I knelt opposite him on the edge of the blue paper cloth spread on the floor. I didn’t bother trying to explain it wasn’t about doubt. He knew. I’d done the same before and dragged Robin into our mess when it was Niko who was in trouble. Yeah, I was hypocrite enough to expect people to have self-preservation when it came to helping me, to recognize who I was, what I was, and that it wasn’t worth gambling their lives. At the same time I would risk others for Niko . . . whether they volunteered or not. They could kick and scream all they wanted; I’d chalk up to A-plus enthusiasm and toss them under that bus if it would save my brother’s life.
Nik wasn’t me. He was good and, in his own way despite all the lives he’d taken and his lethal abilities, pure. I was not. But there was a common exclusive selfishness we shared. Niko was good, the best man I knew. It didn’t change the fact that Niko would sacrifice anyone for me if it came to that. Anyone at all. Friend or lover.
I didn’t much care that I wasn’t good. I didn’t agonize over the state of my conscience . . . or the lack of the largest part of it.
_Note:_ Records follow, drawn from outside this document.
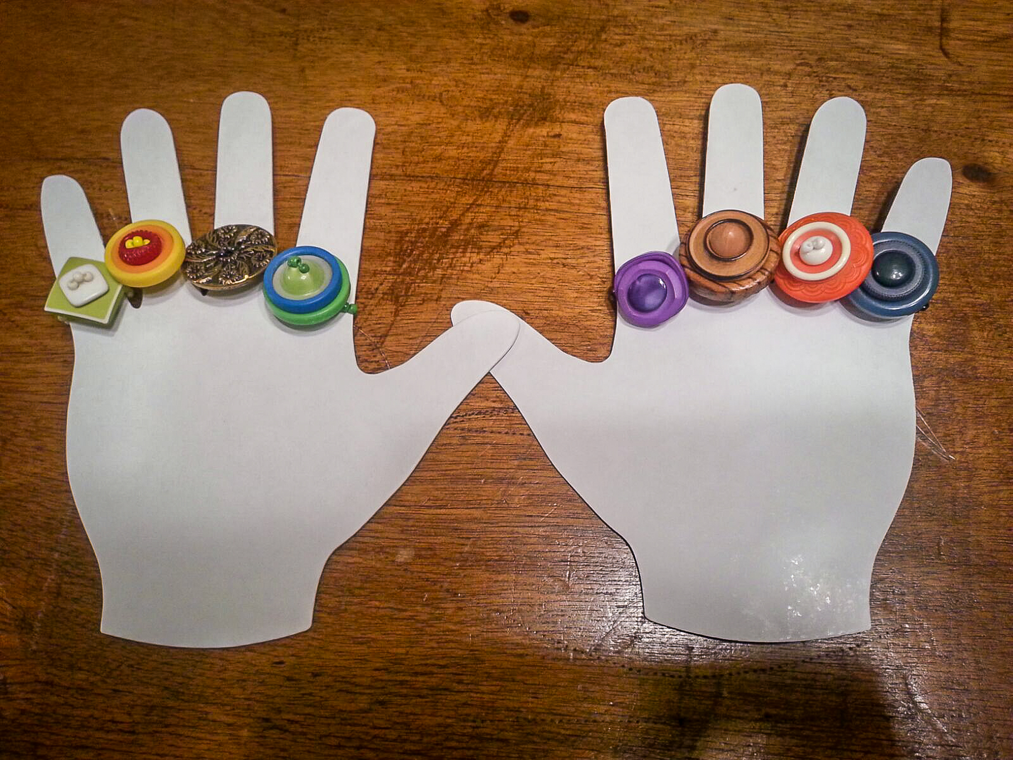 What is more fun for a woman or girl than to have a fun accessory to perk up a spring or summer outfit? Well, that’s what we’ll show you how to do in this week’s blog. Combining my interest in buttons and color, we’re going to make a ring or two and show several possibilities.
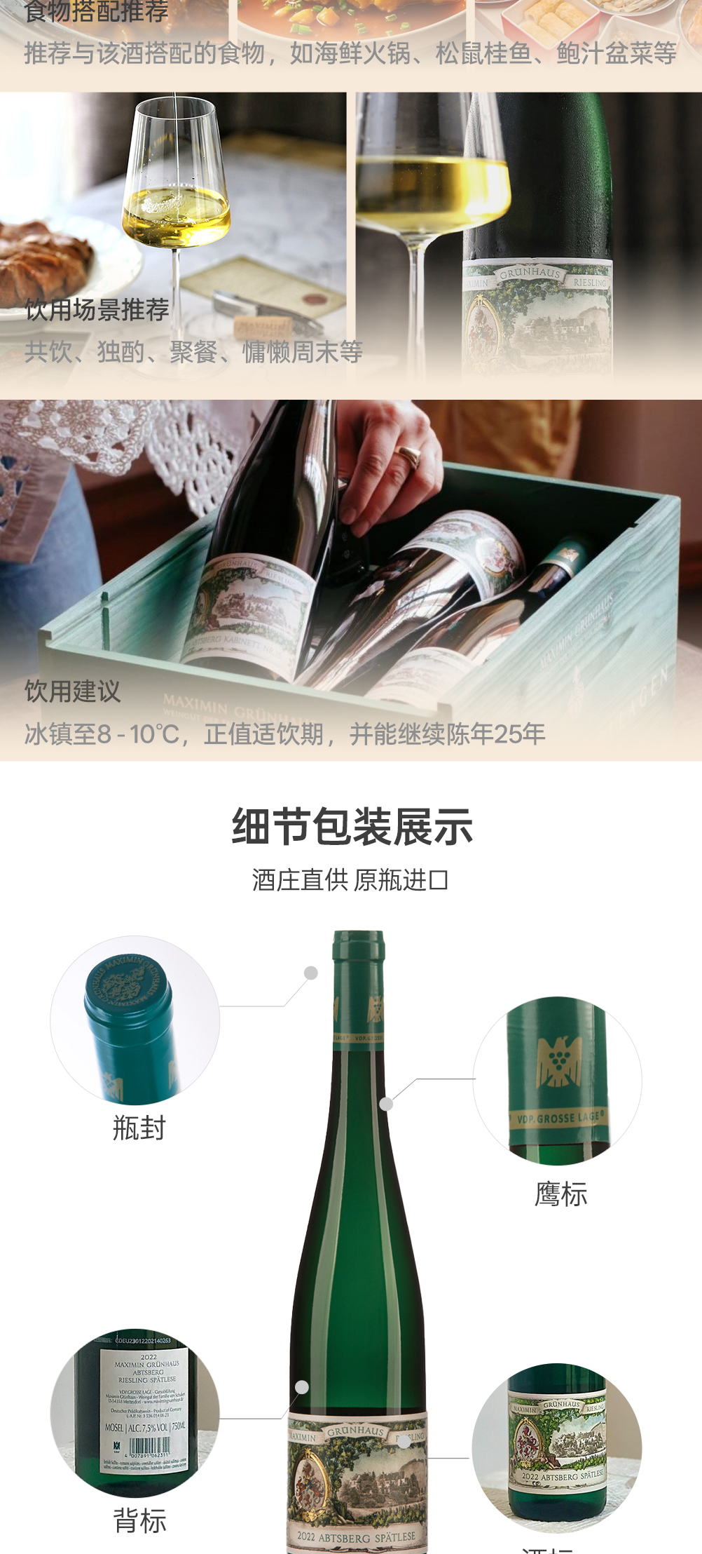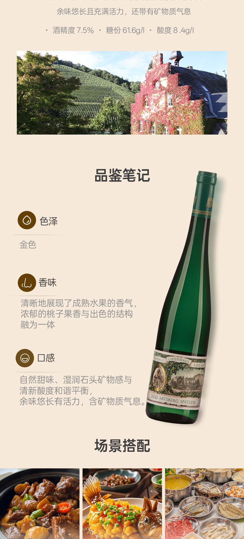 漫翠园雅思堡雷司令晚摘白葡萄酒2022 甜型 7.5%vol 750ml
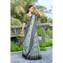 Green Color Linen Cotton Fabric Woven Border Designer Printed Saree

Not until long after I’d drowned it in blood, when it was far too late to make other choices. That was the difference that kept me quiet. If my brother could scratch out any scrap of denial for himself, I wouldn’t take it away from him. How could I when I was the reason he’d compromise himself?
We’d both toss you under the bus—facts were facts—but Nik was the only one of us who’d feel bad about it.
Visually examining, but not touching, one of the completed autoinjectors with four times the normal dose and with the unfortunately necessary extra-long needle, I said, “Ireland? Green beer and leprechauns. If you were taken as a slave, where was I? Packed with enough muscle and rivers of ginger testosterone they had me standing at stud?”